■ EXERCISE OBJECTIVE
The material below holds the lines to copy: from the one with "1776, frühe hs." up to and including the one with "製造業がメールで成果を出す鍵". Copy them exactly and skip the pictures.

■ DATA SHOWN

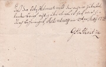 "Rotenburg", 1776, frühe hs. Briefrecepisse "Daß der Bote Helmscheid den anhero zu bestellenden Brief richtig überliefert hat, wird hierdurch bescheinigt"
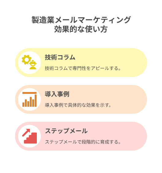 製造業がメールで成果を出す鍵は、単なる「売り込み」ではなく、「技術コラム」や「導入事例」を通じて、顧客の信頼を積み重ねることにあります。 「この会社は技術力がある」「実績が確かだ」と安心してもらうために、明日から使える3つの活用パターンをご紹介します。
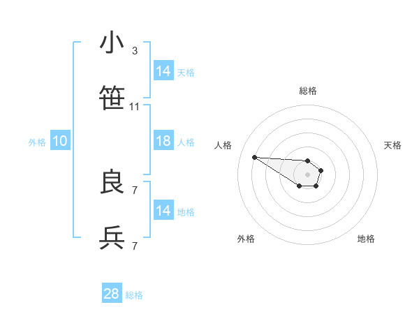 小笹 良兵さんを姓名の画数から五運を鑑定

...

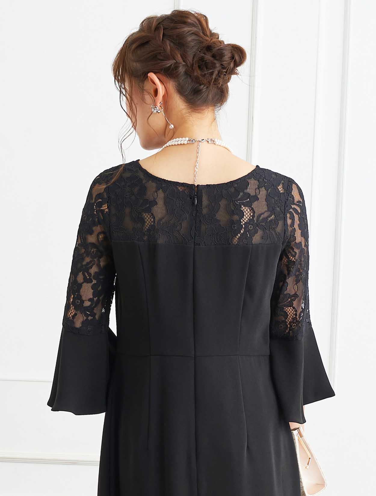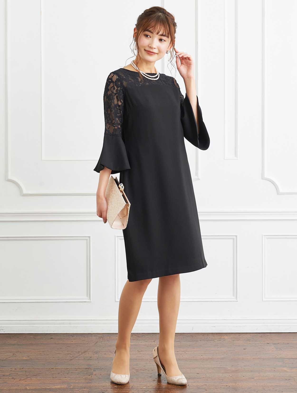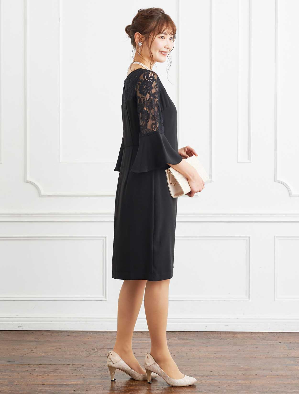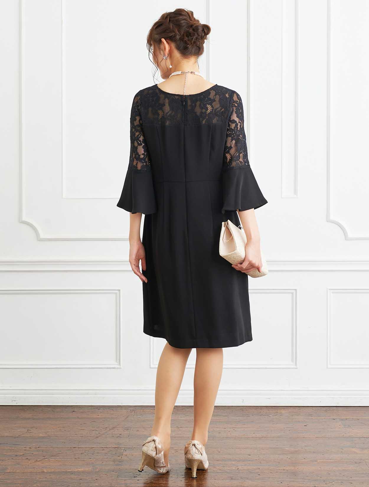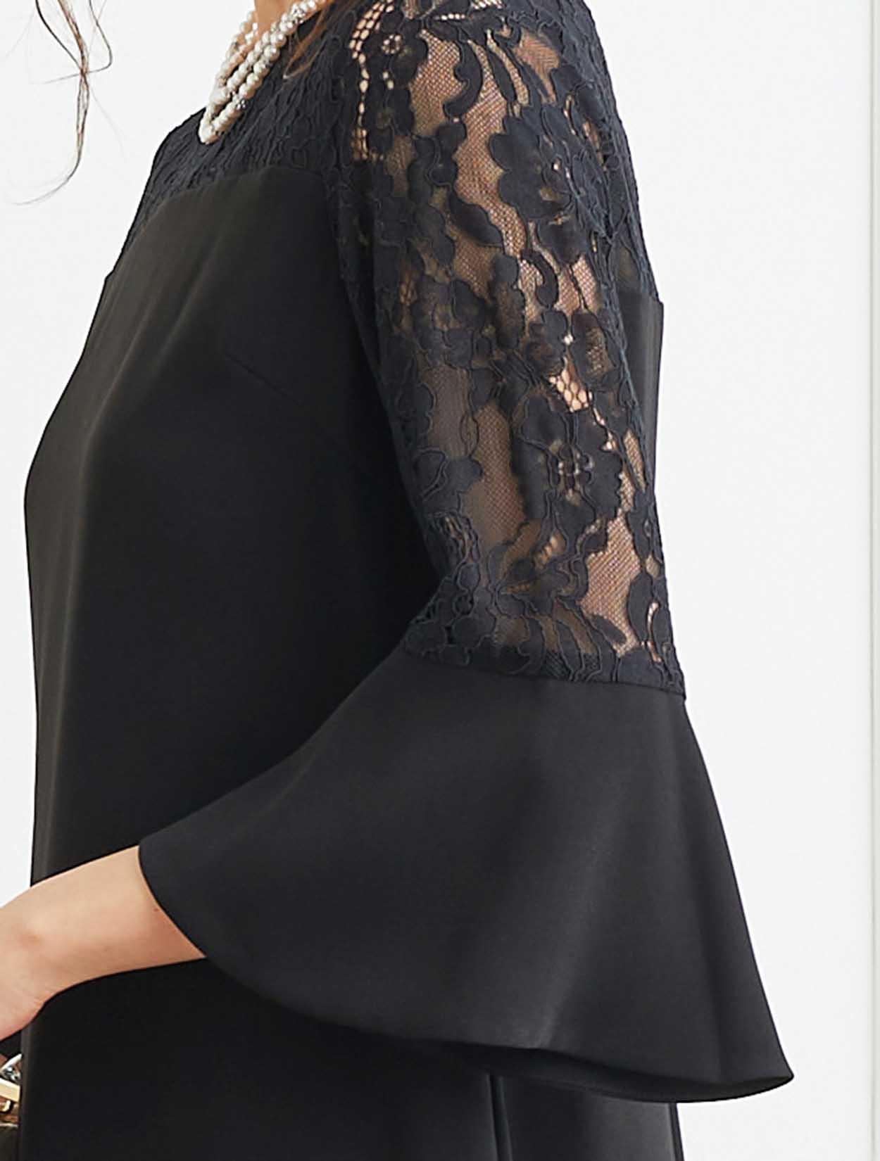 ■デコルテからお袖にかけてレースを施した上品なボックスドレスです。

■ REPLY TO THE TASK
 "Rotenburg", 1776, frühe hs. Briefrecepisse "Daß der Bote Helmscheid den anhero zu bestellenden Brief richtig überliefert hat, wird hierdurch bescheinigt"
 製造業がメールで成果を出す鍵は、単なる「売り込み」ではなく、「技術コラム」や「導入事例」を通じて、顧客の信頼を積み重ねることにあります。 「この会社は技術力がある」「実績が確かだ」と安心してもらうために、明日から使える3つの活用パターンをご紹介します。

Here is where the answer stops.